◆ Work request
Using the data below, reproduce exactly the lines from the line with "男靴秋の2024新型スポーツランニング靴厚い底中学生回転ボタン衝撃リラックス靴" to the line with "襟のように見える部分がウエストのなるシャツデザインのスカート。", both included; pictures must be dropped.

Entries taken from a collection:

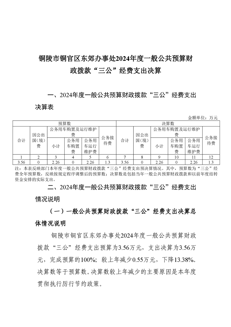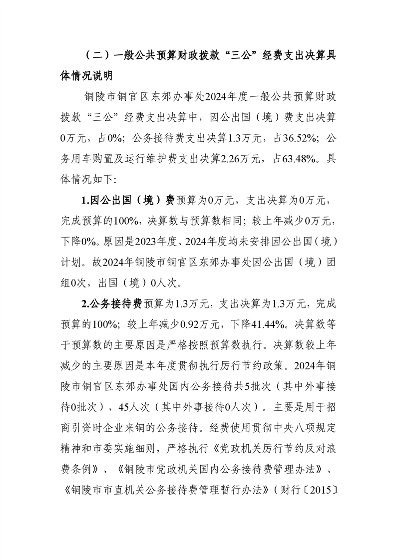 铜陵市铜官区东郊办事处2024年三公经费决算-铜官区人民政府
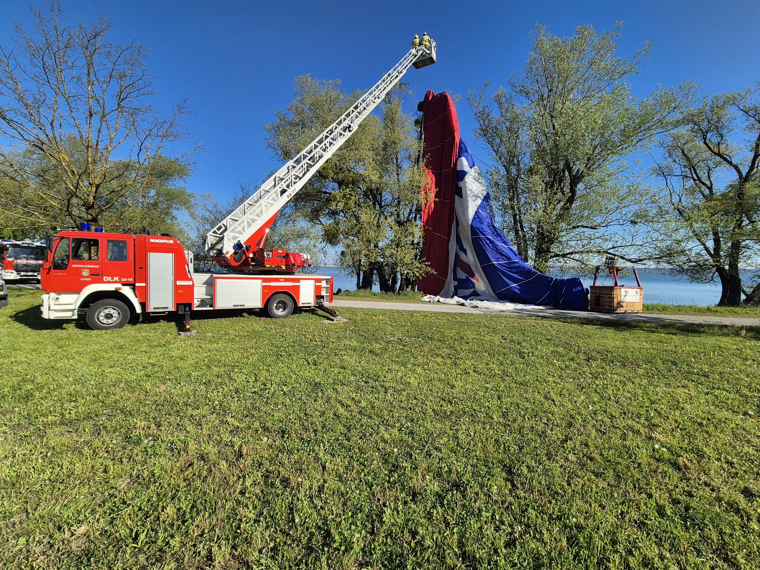 Gegen 8.25 Uhr setzte der 70-jährige Pilot den Ballon rund 50 Meter vom Ufer entfernt auf einer Wiese auf. Während sich der Korb bereits am Boden befand, erfasste eine starke Windböe den Ballon und schleifte den Korb etwa 40 Meter in Richtung See. Dabei verfing sich die Ballonhülle in einer Baumgruppe am Ufer.
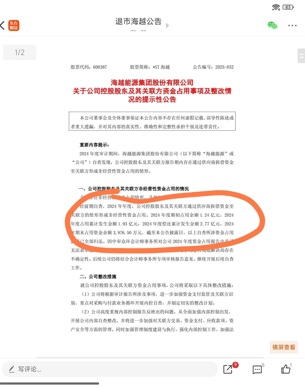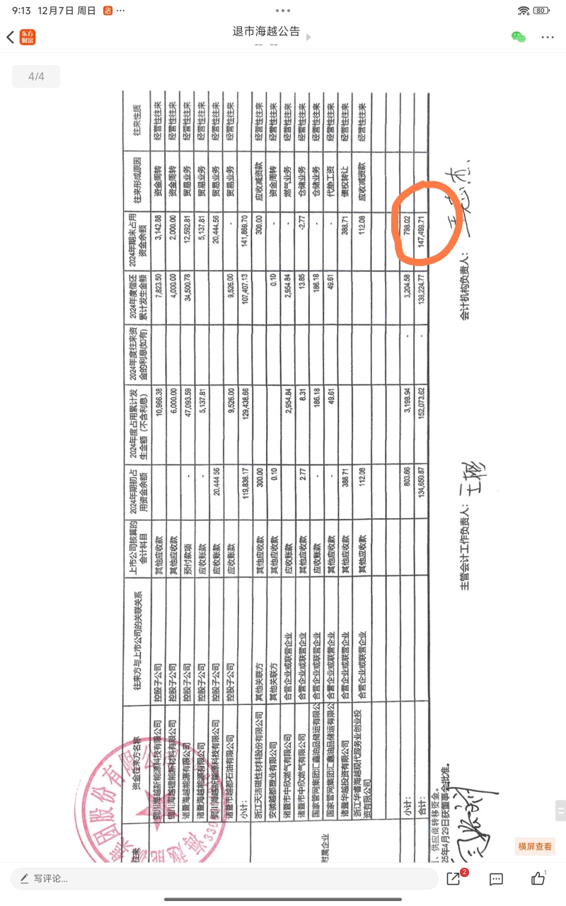 $海越3(SZ400276)$ 难怪退市后还被立案调查,真是死性不改,原来2024年还有控股股东资金占用。占用的金额两个公告数据还打架,公司的公告是3976.5万。中审众环发的公告是147499.71万元。相差37倍。买它的唯一理由是净资产高,可是这个净资产的水分到底有多高?还敢买吗?果子能无耻到这个地步吗?
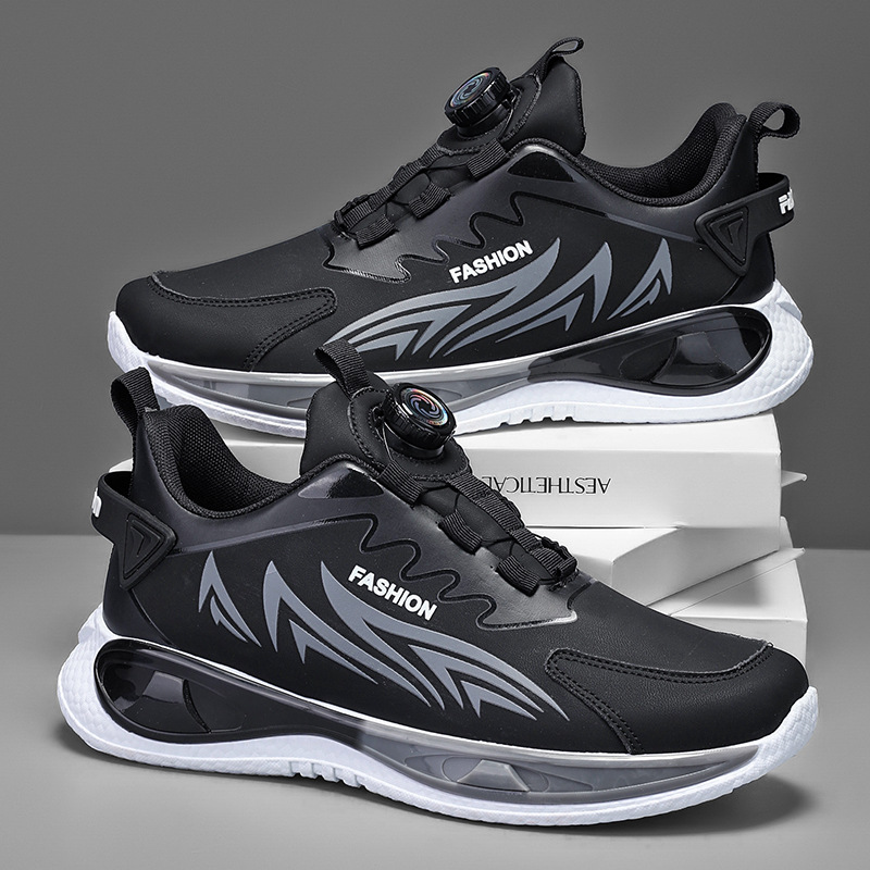 男靴秋の2024新型スポーツランニング靴厚い底中学生回転ボタン衝撃リラックス靴
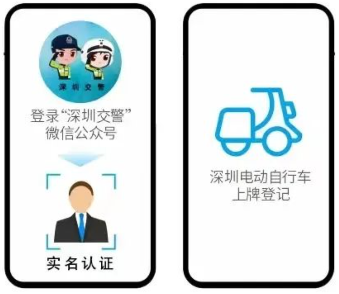 据介绍,市民可登录“深圳交警”微信公众号,进入“星级用户”,实名认证通过后选择“电动自行车号牌申请”。按提示对车辆拍照、预录入并拍照上传资料信息,等待系统后台预审。预审通过,按提示预约业务代办点交验车辆;预审未通过,微信将推送服务通知,告知车主未通过原因。按预约时间到业务代办点交验车辆。查验合格的,缴纳牌证制作费用,通过“五选一”方式线上确定号牌号码。
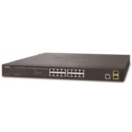 Planet GS-4210-16T2 Switch, L2/L4, 16x 1000Base-T, 2x SFP, Web/SNMPv3, VLAN, QoS, IPv6, fanless
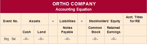 a. Record the transactions in an accounting equation like the equation shown next. Record the amounts of revenue, expense, and dividends in the Retained Earnings column. Provide the appropriate titles for these accounts in the last column of the table. Show the totals at the end of Year 1 and use these totals as the beginning balances for the second accounting cycle.
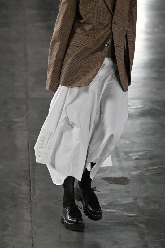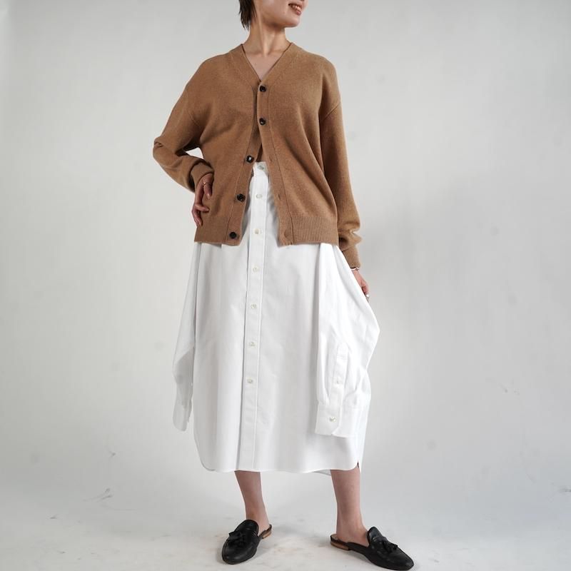 襟のように見える部分がウエストのなるシャツデザインのスカート。
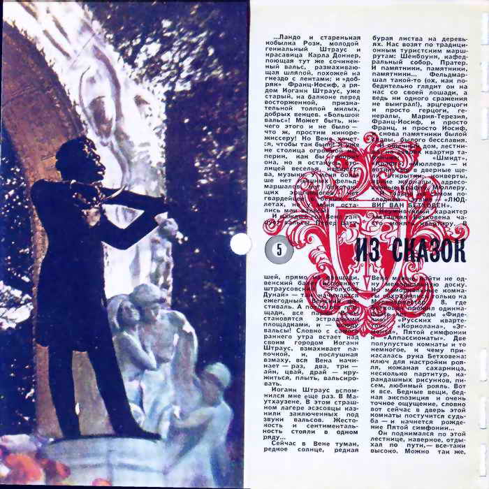 ИЗ СКАЗОК О ВЕНСКОМ ЛЕСЕ ┘Ландо и старенькая кобылка Рози, молодой гениальный Штраус и красавица Карла Доннер, поющая тут же сочинённый вальс, размахивающая шляпой, похожей на гнездо с лентами; и 'добряк' Франц-Иосиф, а рядом Иоганн Штраус, уже старый, на балконе перед восторженной, признательной толпой милых, добрых венцев. 'Большой вальс'! Может быть, ничего этого и не было - что ж, простим кинорежиссёру! Но Вене хочется, чтобы так было! Я уже не столица огромной империи, как бы говорит она, но я останусь столицей веселья, изящества, музыки. У меня больше нет пышных фельдмаршалов, нет блистающих эрцгерцогов, нет гвардейцев в белых колетах, но у меня остались мои вальсы! И каждый год Вена танцует вальсы. Перед ратушей, прямо на площади, венский балет исполняет штраусовский 'Голубой Дунай' - так начинается ежегодный Венский фестиваль. А потом все площади, все парки Вены становятся эстрадными площадками, и - всюду вальсы! Словно с самого раннего утра встает над своим городом Иоганн Штраус, взмахивает палочкой, и, послушная взмаху, вся Вена начинает - раз, два, три - айн, цвай, драй - кружиться, плыть, вальсировать. Иоганн Штраус вспомнился мне ещё раз. В Маутхаузене. В этом страшном лагере эсэсовцы казнили заключённых под звуки вальсов. Жестокость и сентиментальность стояли в одном ряду┘ Сейчас в Вене туман, редкое солнце, редкая бурая листва на деревьях. Нас возят по традиционным туристским маршрутам: Шёнбрунн, кафедральный собор, Пратер. И памятники, памятники, памятники┘ Фельдмаршал какой-то (ох, как победительно глядит он на нас со своей лошади, а ведь ни одного сражения не выиграл!), эрцгерцоги и просто герцоги, генералы, Мария-Терезия, Франц-Иосиф, и просто Иосиф, и снова памятники былой славы, былого бесславия. И обычный дом, лестница, на дверях квартир таблички: 'Шмидт', 'Крафт', 'Мюллер' - и воткнутые в дверные щели открытки, конверты, яркие журналы, адресованные Крафту, Мюллеру. И только на самом последнем этаже - 'ЛЮДВИГ ВАН БЕТХОВЕН'. Неуживчивый характер заставлял Бетховена часто менять квартиру. В Вене можно найти не одну мемориальную доску. Но мемориальные комнаты сохранились только на Мелькерпастер, 8, где Бетховен прожил одиннадцать лет - годы 'Фиделио', 'Русских квартетов', 'Кориолана', 'Эгмонта', Пятой симфонии и 'Аппассионаты'. Две полупустые комнаты и то немногое, к чему прикасалась рука Бетховена: ключ для настройки рояля, кожаная сахарница, несколько партитур, карандашных рисунков, писем, любимый рояль. Вот и всё. Бедные вещи, бедная экспозиция и очень точное ощущение, словно вот сейчас в дверь этой комнаты постучится судьба - и начнется рождение Пятой симфонии┘ Он поднимался по этой лестнице, наверное, отдыхал по пути, - все-таки высоко. Можно так же, как он, подойти к окну и увидеть то, что видел он┘ Можно даже прикоснуться к роялю и сыграть на нём наши русские 'Ах, талан, ты мой талан' и величальную 'Славу', которые так не по-русски прозвучали в его 'Русских квартетах'. Случилось так, что с Бетховеном мы встретились и в городе другого великого композитора - в моцартовском Зальцбурге. Мы осматривали Фестивальхауз - бывшие епископские конюшни. Многозальное здание пристроено прямо к отвесной скале. Открытая сцена - бывший манеж. В скале вырублено несколько ярусов галерей. Отсюда зрители смотрели на верховую езду. Теперь галереи стали сценой, ма
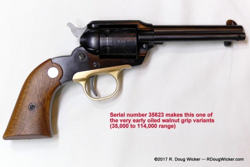Considering that the box and manual added about $75 to the value of the “Alpha Cat”, I figure I got are really good deal on this later oiled walnut Ruger with the “aftermarket” grips. Well, it turns out those oiled-walnut grips are factory, and that this particular example is one of the first ones to come out of the factory that way. Oiled walnut grips were used starting at serial number 35000 through the end of 1st issue production. This Bearcat is number 35623, meaning only 623 Bearcats with oiled walnut grips preceded it out of the Ruger factory door. It’s also one of only about 15,000 Bearcats in the 35000-to-114000 serial number range that retained the original steel ejector housing before Ruger switched to aluminum. Yes, I checked that with a magnet. It’s steel.
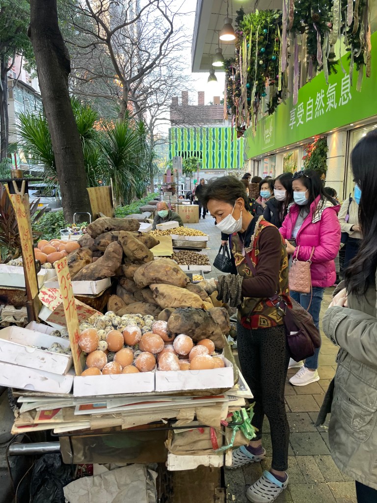 Meanwhile, throngs queue outside her cart on the coldest day Hong Kong has seen all year (48°F, or 9°C). They eye it all hungrily, doling out $20 HKD (about US$3) for a hand-sized brown paper bag filled with freshly roasted chestnuts — plus maybe one of those sweet potatoes, and maybe some of those macadamia nuts or quail eggs that Mrs. Chan also sells. Her retired husband sits on a stool just to the right of the cart, watching silently.

◆ Task result
 男靴秋の2024新型スポーツランニング靴厚い底中学生回転ボタン衝撃リラックス靴
 据介绍,市民可登录“深圳交警”微信公众号,进入“星级用户”,实名认证通过后选择“电动自行车号牌申请”。按提示对车辆拍照、预录入并拍照上传资料信息,等待系统后台预审。预审通过,按提示预约业务代办点交验车辆;预审未通过,微信将推送服务通知,告知车主未通过原因。按预约时间到业务代办点交验车辆。查验合格的,缴纳牌证制作费用,通过“五选一”方式线上确定号牌号码。
 Planet GS-4210-16T2 Switch, L2/L4, 16x 1000Base-T, 2x SFP, Web/SNMPv3, VLAN, QoS, IPv6, fanless
 a. Record the transactions in an accounting equation like the equation shown next. Record the amounts of revenue, expense, and dividends in the Retained Earnings column. Provide the appropriate titles for these accounts in the last column of the table. Show the totals at the end of Year 1 and use these totals as the beginning balances for the second accounting cycle.
 襟のように見える部分がウエストのなるシャツデザインのスカート。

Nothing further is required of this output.